Brief —
Pictures excluded, output the lines of the data below between the one holding "Nuestro mueble biblioteca" and the one holding "- LARGE 7.5QT", inclusive, exactly as they stand.

Information shown —
· · · · ·

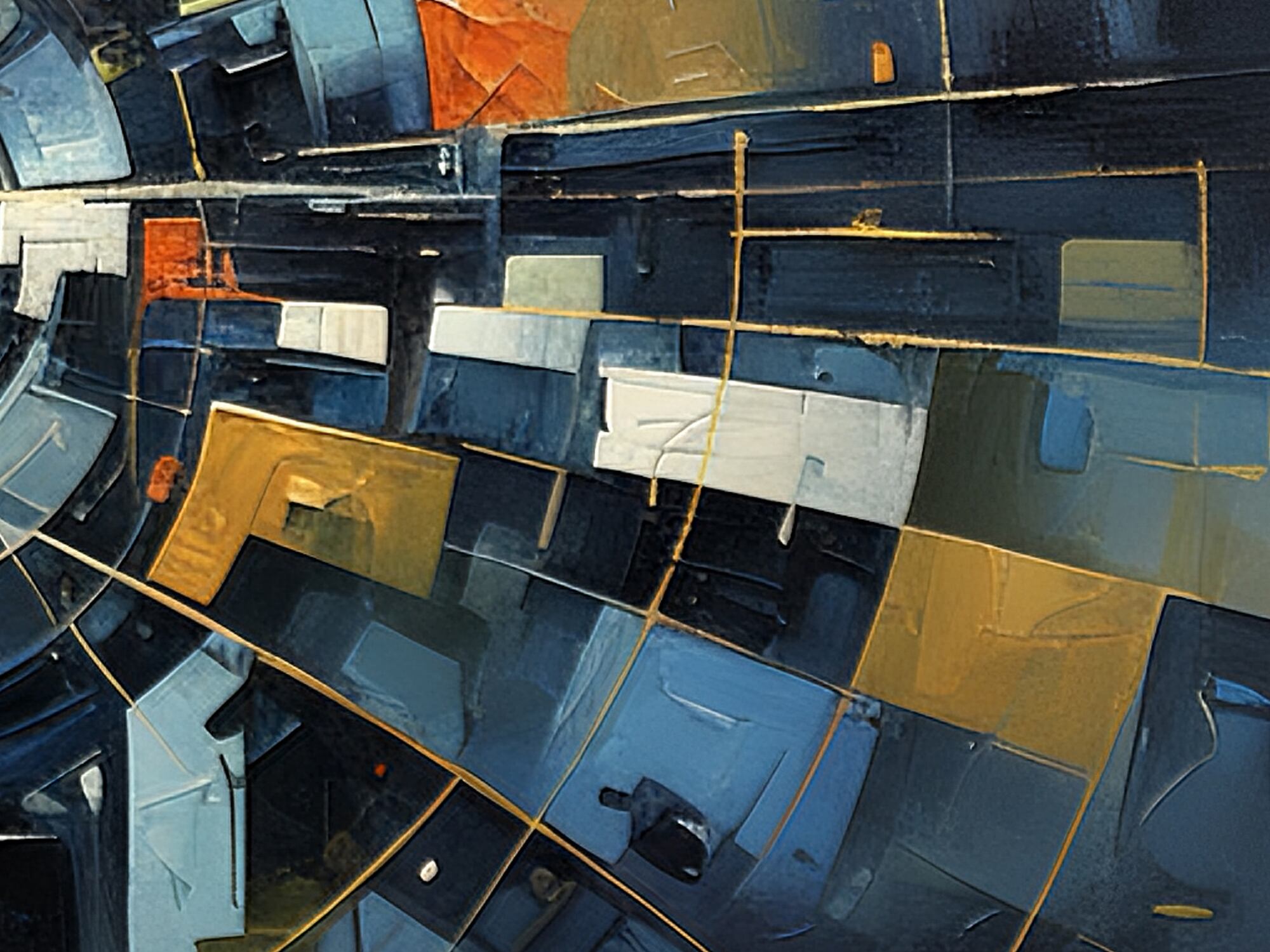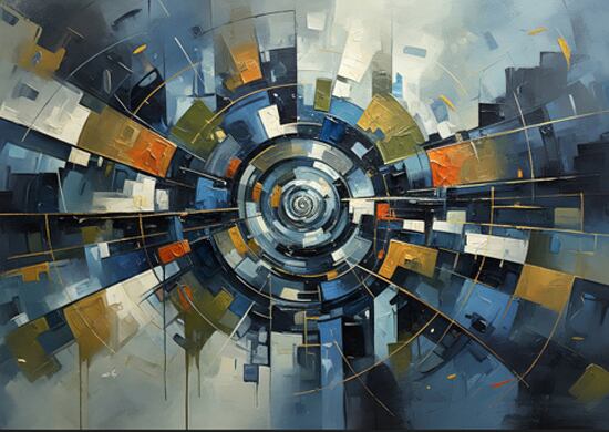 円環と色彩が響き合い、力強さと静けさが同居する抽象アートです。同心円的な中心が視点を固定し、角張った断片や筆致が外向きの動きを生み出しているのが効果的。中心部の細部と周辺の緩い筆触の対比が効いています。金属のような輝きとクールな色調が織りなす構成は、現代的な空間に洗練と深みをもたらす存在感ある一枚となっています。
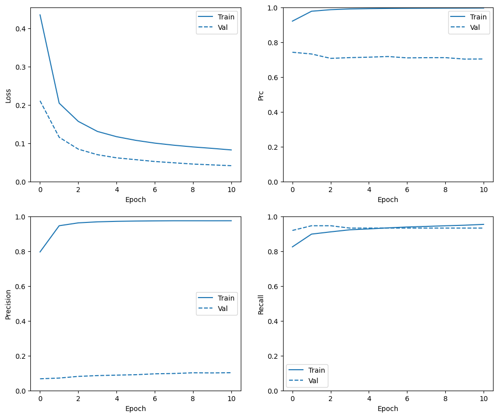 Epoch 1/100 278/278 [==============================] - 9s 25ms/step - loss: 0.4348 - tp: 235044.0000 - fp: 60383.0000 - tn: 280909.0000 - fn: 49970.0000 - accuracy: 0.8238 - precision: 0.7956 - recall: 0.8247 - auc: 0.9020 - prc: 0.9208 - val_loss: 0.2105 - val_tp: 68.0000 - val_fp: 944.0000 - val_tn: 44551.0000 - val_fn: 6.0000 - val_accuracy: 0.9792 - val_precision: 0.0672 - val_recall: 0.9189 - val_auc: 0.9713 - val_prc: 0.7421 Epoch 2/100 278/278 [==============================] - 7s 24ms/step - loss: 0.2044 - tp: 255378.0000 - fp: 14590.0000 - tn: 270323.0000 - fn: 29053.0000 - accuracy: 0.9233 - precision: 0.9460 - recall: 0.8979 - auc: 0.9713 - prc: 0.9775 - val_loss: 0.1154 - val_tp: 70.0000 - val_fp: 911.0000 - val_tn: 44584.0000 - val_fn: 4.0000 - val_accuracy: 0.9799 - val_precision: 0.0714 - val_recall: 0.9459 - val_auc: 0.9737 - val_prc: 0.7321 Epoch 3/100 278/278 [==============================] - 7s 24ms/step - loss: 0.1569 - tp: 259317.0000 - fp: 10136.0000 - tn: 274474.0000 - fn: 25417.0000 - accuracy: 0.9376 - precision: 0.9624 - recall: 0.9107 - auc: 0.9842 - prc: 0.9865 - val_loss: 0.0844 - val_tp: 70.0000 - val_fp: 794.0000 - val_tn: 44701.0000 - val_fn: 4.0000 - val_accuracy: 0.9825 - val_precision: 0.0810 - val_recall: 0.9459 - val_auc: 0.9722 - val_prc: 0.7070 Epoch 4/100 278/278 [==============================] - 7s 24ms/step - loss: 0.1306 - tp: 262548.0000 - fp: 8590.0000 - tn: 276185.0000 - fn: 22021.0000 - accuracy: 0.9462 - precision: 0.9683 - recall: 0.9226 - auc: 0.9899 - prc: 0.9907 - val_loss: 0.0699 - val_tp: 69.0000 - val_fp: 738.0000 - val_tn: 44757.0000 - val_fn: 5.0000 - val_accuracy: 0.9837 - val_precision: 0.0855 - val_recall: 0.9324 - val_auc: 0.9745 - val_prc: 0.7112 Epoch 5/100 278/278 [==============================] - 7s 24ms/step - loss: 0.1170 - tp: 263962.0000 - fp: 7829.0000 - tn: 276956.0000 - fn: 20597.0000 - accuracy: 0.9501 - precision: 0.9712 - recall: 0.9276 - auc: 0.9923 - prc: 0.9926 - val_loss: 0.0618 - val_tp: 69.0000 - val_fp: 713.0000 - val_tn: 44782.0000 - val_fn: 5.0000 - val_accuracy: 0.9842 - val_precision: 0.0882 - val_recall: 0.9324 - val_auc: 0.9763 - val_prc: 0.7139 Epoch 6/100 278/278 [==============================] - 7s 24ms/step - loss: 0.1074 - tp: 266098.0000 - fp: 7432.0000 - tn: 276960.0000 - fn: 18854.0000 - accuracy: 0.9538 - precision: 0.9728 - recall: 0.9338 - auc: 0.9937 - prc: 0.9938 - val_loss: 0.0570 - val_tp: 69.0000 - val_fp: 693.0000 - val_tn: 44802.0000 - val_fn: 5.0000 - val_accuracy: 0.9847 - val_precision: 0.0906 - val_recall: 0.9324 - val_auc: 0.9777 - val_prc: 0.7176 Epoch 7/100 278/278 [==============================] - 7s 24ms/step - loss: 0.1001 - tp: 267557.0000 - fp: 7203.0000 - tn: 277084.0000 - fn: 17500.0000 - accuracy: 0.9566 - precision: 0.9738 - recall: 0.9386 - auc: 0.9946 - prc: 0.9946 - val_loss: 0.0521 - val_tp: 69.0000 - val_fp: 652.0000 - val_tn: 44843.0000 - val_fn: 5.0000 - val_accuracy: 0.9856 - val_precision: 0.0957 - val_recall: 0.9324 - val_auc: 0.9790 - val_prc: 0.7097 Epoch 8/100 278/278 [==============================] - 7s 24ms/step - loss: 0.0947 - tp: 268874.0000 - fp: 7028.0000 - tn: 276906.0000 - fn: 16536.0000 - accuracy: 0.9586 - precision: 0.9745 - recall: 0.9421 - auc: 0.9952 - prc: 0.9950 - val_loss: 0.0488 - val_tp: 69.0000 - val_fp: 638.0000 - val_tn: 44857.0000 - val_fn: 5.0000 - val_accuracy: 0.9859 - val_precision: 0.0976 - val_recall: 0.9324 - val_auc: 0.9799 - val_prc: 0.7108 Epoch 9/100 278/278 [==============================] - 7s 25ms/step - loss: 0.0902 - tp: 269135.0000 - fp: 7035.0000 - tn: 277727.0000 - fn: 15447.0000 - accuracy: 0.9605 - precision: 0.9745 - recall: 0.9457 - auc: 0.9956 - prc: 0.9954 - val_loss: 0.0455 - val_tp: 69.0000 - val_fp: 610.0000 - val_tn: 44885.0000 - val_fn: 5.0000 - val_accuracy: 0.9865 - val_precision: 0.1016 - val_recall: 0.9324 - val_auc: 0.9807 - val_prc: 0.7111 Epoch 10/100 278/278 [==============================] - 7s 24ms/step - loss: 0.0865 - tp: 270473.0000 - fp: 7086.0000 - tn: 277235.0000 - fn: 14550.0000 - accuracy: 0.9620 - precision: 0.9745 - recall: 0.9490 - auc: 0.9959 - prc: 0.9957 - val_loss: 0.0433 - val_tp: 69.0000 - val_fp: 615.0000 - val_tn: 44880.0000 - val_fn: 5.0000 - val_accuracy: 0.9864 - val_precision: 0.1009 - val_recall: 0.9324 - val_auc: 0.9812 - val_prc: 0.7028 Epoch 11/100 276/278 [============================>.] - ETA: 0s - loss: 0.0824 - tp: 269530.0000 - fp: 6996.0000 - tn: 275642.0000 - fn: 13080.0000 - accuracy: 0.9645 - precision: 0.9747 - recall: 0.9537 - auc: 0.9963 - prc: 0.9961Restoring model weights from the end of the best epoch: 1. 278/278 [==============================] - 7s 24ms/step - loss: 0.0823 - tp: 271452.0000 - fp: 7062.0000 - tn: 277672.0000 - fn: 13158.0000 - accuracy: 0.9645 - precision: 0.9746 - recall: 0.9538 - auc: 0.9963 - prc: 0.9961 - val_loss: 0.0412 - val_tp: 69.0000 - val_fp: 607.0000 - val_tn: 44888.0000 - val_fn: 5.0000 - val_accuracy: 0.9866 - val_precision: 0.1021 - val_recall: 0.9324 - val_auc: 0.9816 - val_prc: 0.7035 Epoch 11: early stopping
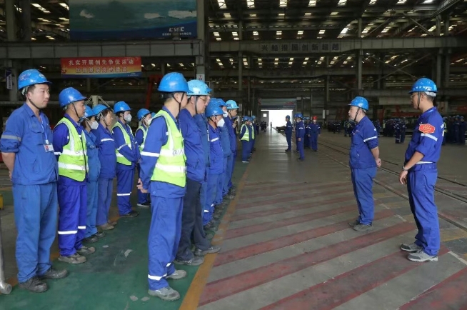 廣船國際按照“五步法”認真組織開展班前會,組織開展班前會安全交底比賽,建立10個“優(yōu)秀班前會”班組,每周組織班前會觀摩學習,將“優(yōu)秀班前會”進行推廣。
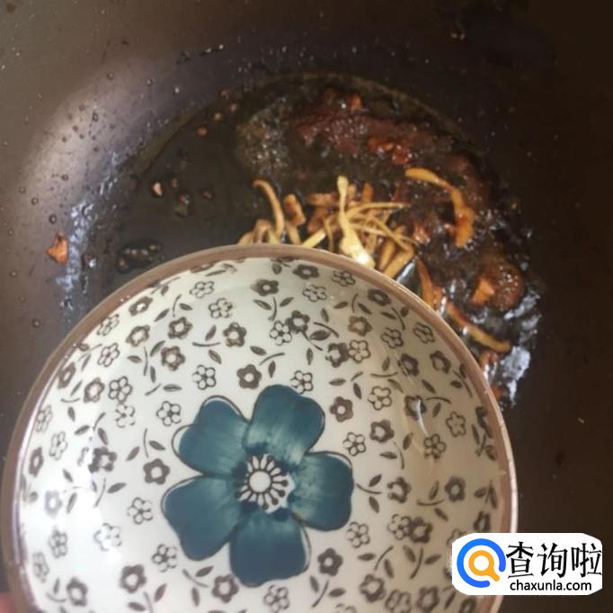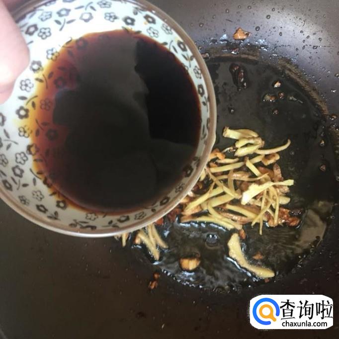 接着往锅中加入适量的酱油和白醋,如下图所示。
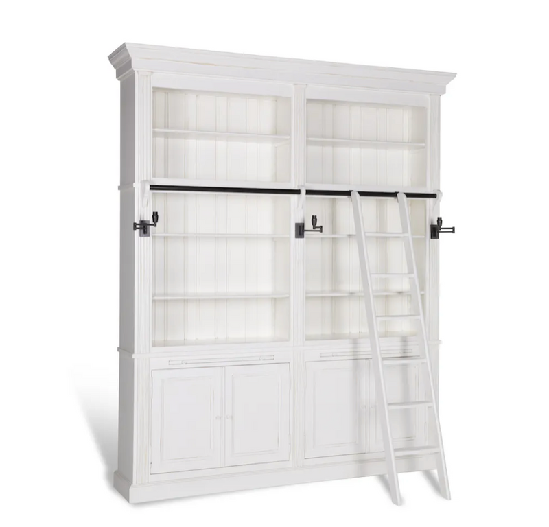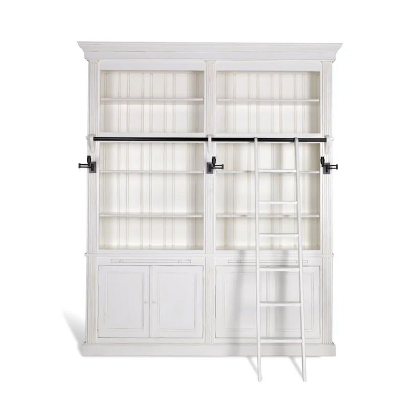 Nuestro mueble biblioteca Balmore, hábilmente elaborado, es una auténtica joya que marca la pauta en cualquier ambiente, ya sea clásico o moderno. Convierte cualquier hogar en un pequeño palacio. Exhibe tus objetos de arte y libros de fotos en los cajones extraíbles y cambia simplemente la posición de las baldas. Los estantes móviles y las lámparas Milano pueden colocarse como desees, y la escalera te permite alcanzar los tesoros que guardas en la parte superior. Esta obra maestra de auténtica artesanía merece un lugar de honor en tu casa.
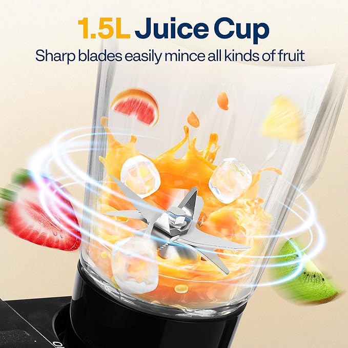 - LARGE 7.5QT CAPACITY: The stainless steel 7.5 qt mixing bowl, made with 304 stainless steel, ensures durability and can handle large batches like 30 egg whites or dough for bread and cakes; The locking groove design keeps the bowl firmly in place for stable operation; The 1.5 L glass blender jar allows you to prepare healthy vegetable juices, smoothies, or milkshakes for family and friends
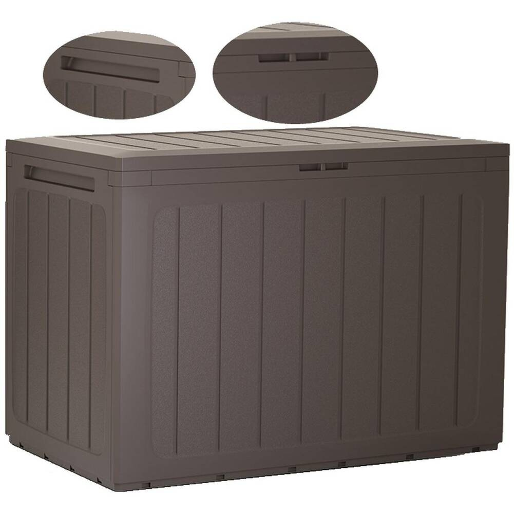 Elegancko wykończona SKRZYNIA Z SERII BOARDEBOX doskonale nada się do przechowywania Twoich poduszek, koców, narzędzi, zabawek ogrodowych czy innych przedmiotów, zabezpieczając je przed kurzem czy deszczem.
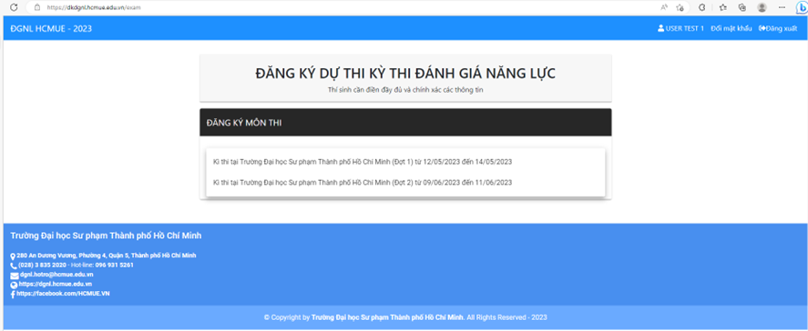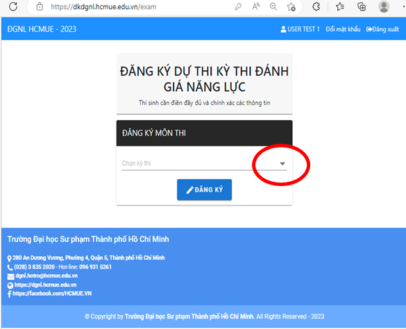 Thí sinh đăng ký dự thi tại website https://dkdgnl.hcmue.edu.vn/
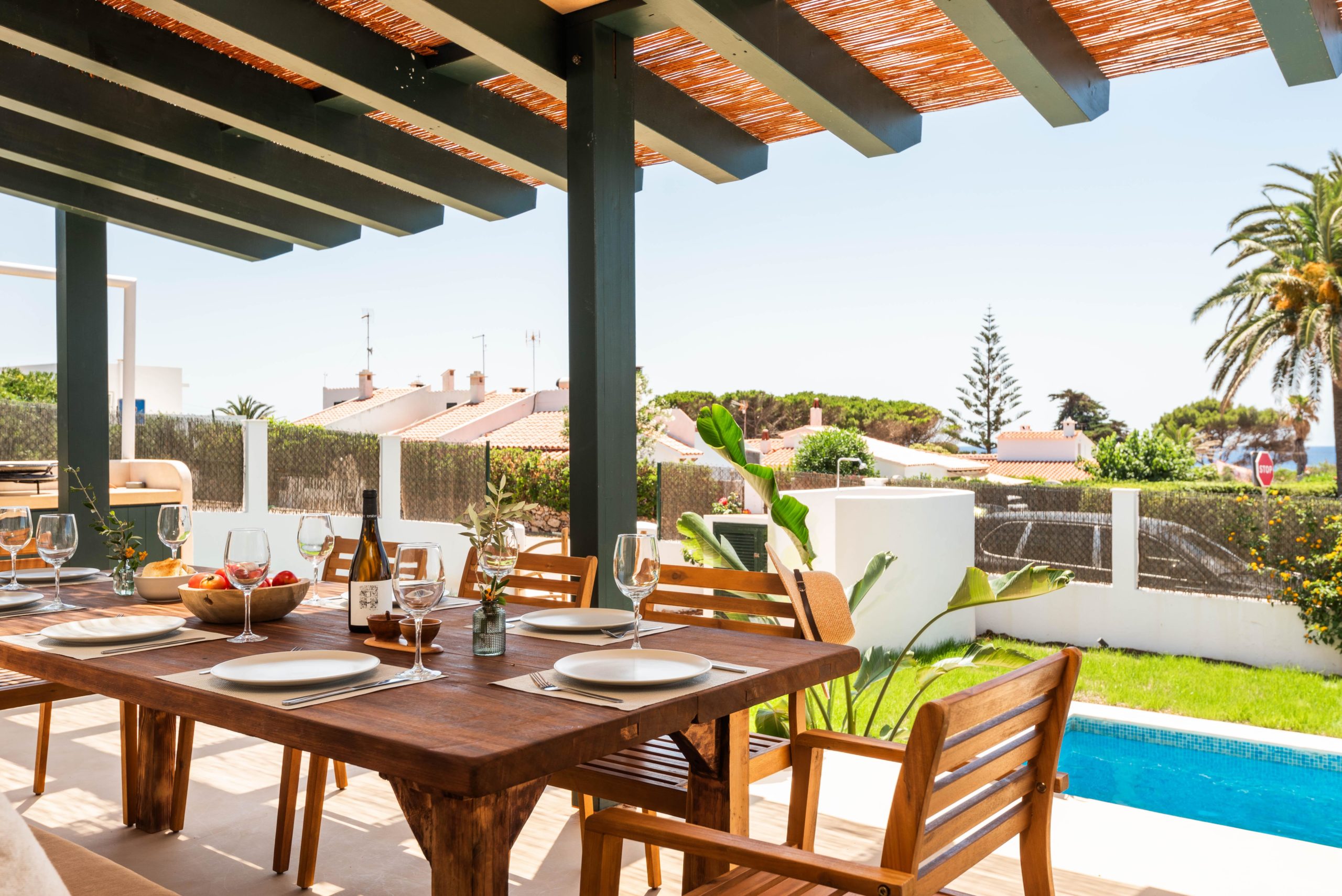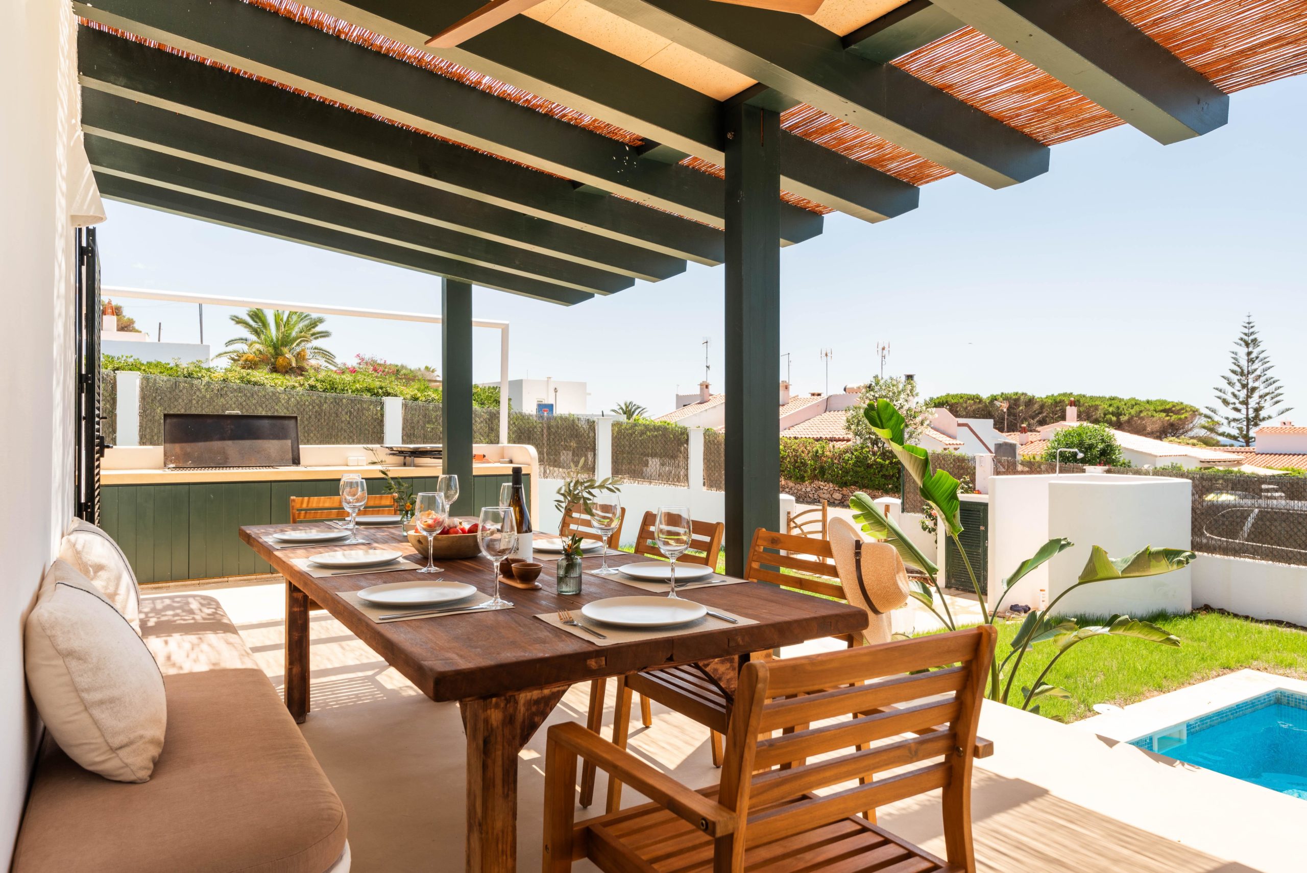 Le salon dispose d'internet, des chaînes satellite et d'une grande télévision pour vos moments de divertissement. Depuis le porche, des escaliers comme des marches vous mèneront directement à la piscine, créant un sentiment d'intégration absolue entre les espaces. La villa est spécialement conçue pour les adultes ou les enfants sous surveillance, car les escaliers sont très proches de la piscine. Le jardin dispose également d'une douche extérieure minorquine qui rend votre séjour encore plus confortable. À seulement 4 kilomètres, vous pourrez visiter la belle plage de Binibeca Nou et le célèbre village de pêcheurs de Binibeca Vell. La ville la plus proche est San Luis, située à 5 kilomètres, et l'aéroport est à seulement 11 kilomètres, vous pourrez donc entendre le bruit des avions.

· · · · ·

Answer to this exercise —
 Nuestro mueble biblioteca Balmore, hábilmente elaborado, es una auténtica joya que marca la pauta en cualquier ambiente, ya sea clásico o moderno. Convierte cualquier hogar en un pequeño palacio. Exhibe tus objetos de arte y libros de fotos en los cajones extraíbles y cambia simplemente la posición de las baldas. Los estantes móviles y las lámparas Milano pueden colocarse como desees, y la escalera te permite alcanzar los tesoros que guardas en la parte superior. Esta obra maestra de auténtica artesanía merece un lugar de honor en tu casa.
 - LARGE 7.5QT CAPACITY: The stainless steel 7.5 qt mixing bowl, made with 304 stainless steel, ensures durability and can handle large batches like 30 egg whites or dough for bread and cakes; The locking groove design keeps the bowl firmly in place for stable operation; The 1.5 L glass blender jar allows you to prepare healthy vegetable juices, smoothies, or milkshakes for family and friends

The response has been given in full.